Most of you reading this have tasted winter’s iron grip over the last few days,  so you don’t need a sermonette on the topic from me.  In fact, the misery has reached its icy grasp as far away as Seattle, where my brother Steve and his family have been hunkered down in their house,  essentially stranded because of wintery conditions that have made the many steep hills of Seattle all but impossible to navigate.  And this has been going on for days.  I don’t think they’re yet eating the bark off of the trees or burning their furniture for warmth,  but Steve also did say that when you’re under siege like this there is part of you that wonders if it is ever going to get better again or if we have finally slipped into a new Ice Age and are all going to be abandoning our Saabs for Sled Dogs from here on out.

Winter first visited us Friday morning – a snow day for Kathy and for me as well since Gateway Technical College (which owns WGTD) was shut down as well because of the huge snowfall.   But at least it was pretty and picturesque- and in fact Saturday night,  as Kathy and I were making our way up to the Racine Theater Guild to watch the last fifteen minutes of “Beauty and the Beast”  (we’d been at the Kenosha Pops Band concert before that)  I actually said to her “I love winter when it’s like this – with a blanket of snow on the ground, no wind, and comfortable temperatures where you barely need a coat.”   I don’t know how or why Mother Nature took offense at my remarks,  but later that very night she unleashed a savage blast of bitterly cold temperatures and horrendous winds that transformed most of Wisconsin from a Thomas Kincaide landscape into a scene from a science fiction disaster thriller.
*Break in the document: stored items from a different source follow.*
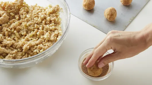 In large bowl, stir cookie mix, softened butter, egg, remaining apple cider drink mix and cinnamon with spoon until soft dough forms. Stir in apple pieces until combined. Shape dough into 40 (1 1/4-inch) balls. Roll balls in sugar-spice mixture. Place 2 inches apart on ungreased cookie sheets. Discard sugar-spice mixture after rolling balls.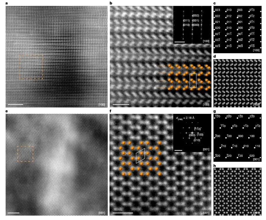 图2. 块体六方金刚石的原子结构。图片来源:Nature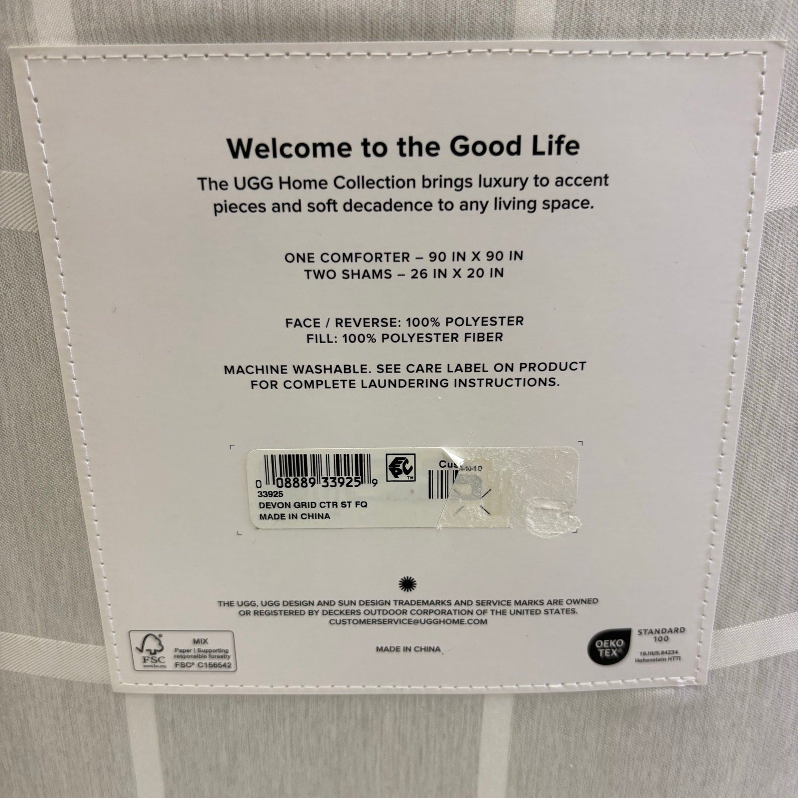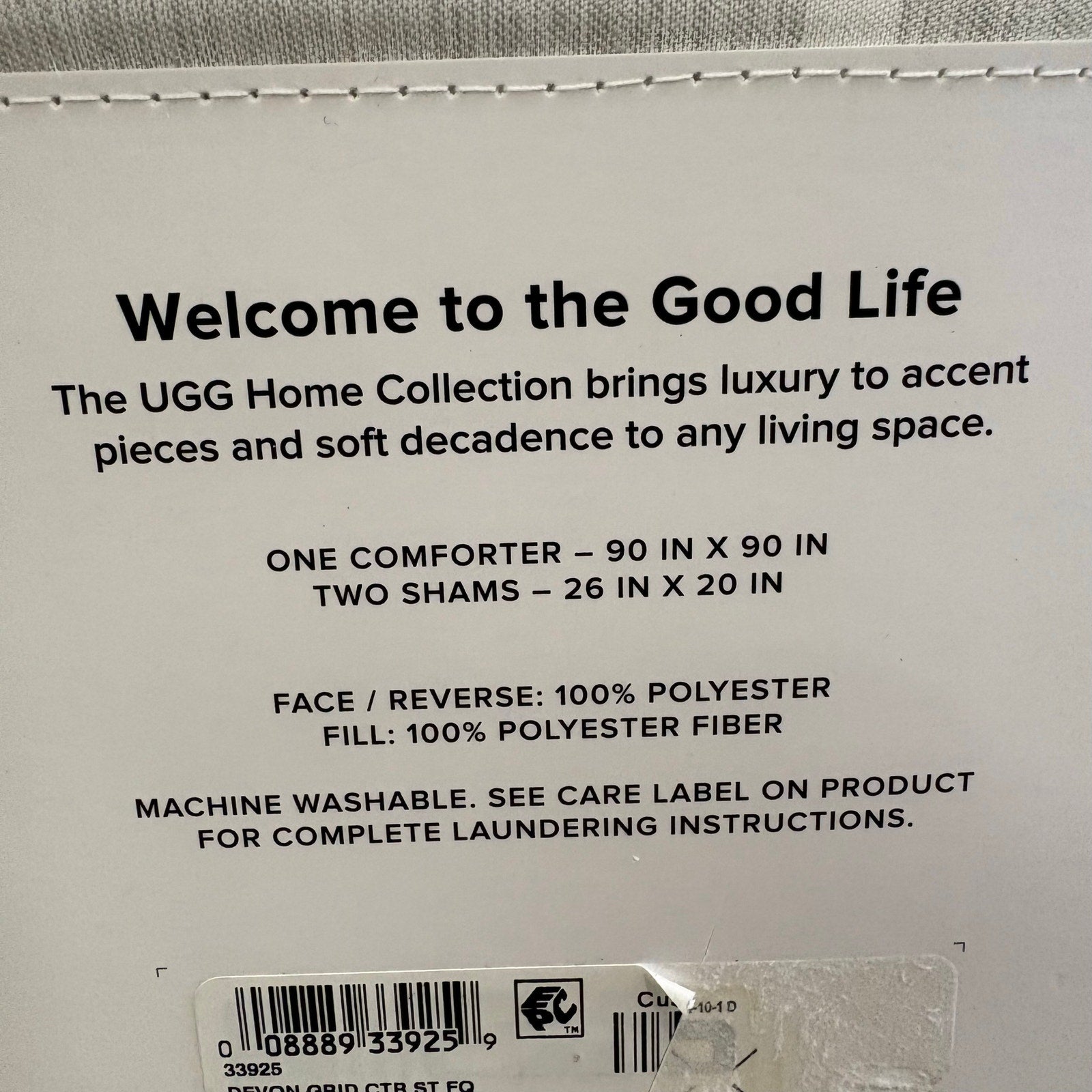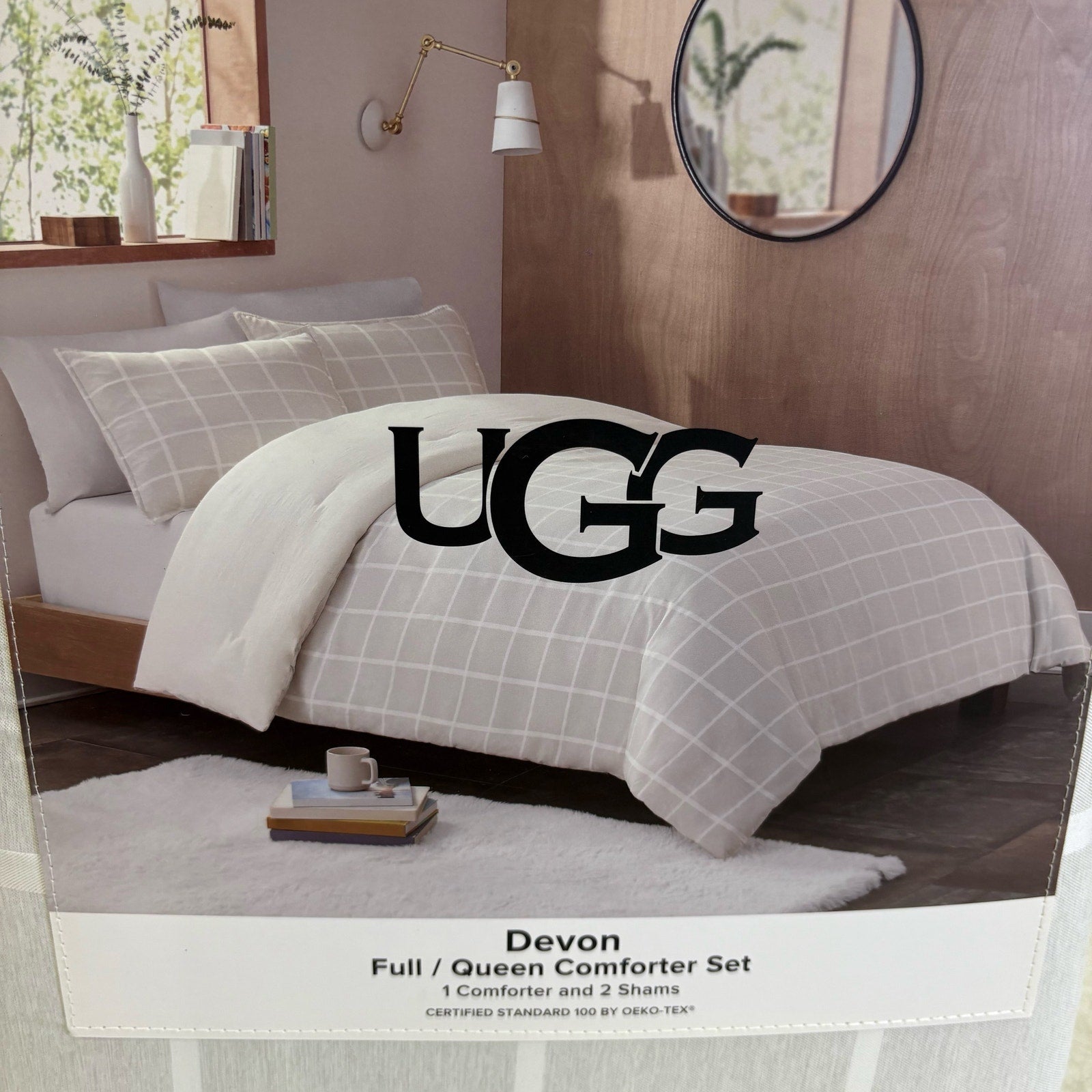 UGG Devon Queen Comforter Set w 2 Shams, Soft Bedding, Square Design - Gray

We knew it was going to be bad when we awoke Sunday morning (we’d seen the forecast)   but I was not prepared for the sight of those drifts in our driveway-  drifts that were nearly five feet tall at their highest.   The problem is that when you stand in the middle of our driveway and look west,  you can see cornfields – and absolutely nothing standing in the way of the wind.  It has a completely clear shot and by the time the wind reaches our humble abode,  it feels like the kind of wind that drives pipe cleaners through steel girders.  Now I’m starting to wonder why one of our neighbors asked us not long after they moved into the neighborhood “so why did you pick that particular lot to build your house?”  He posed the question with this tone of voice that implied that we had chosen poorly.  At the time,  we felt like saying “we picked it because it was the best lot in the whole neighborhood, you nimrod!”   Now I feel like answering  “well, we love this lot in the spring, summer and fall,  but it sure is a booger when winter hits!”   (Excuse the salty language.)

Thank goodness for the Toro, which got a good workout twice that day but worked like a charm.   (It sounds weird to call such a rugged piece of machinery a “charm” but there you go.)   It got us out of the house this morning so I could get to church for a couple of rehearsals – and then again later in the afternoon when we rendezvoused with Polly and Mark and two other couples with whom we had planned to do our annual Christmas caroling.   We were in complete agreement that caroling when the wind chill is -35 is the surest way to be the subject of one of those news stories that begins “finally, a tragic story out of Racine, Wisconsin.  Eight kind souls who were just trying to spread a little Christmas cheer. . . “  You can fill in the rest.  So we took ourselves out to Applebees for a celebratory supper, in anticipation of the caroling which will finally happen tomorrow evening when temperatures are expected to be a balmy 27 degrees.   (That is, if the thermometer remembers how to climb above zero.)   It would have been easiest for all of us to just stay home, of course – and I don’t think what drew us out into that brutal cold was the Tomato Basil Soup.  (Although it is amazingly good on a cold day – I was halfway tempted to just pour it into my lap and warm up that way) It was the desire to be together with friends – because nothing says “nyaah nyaah nyaah” in the face of Old Man Winter like eight friends around a table, laughing and hugging and   defying the worst that Winter can inflict on us.

pictured above:  me with my new sidekick,  Toro.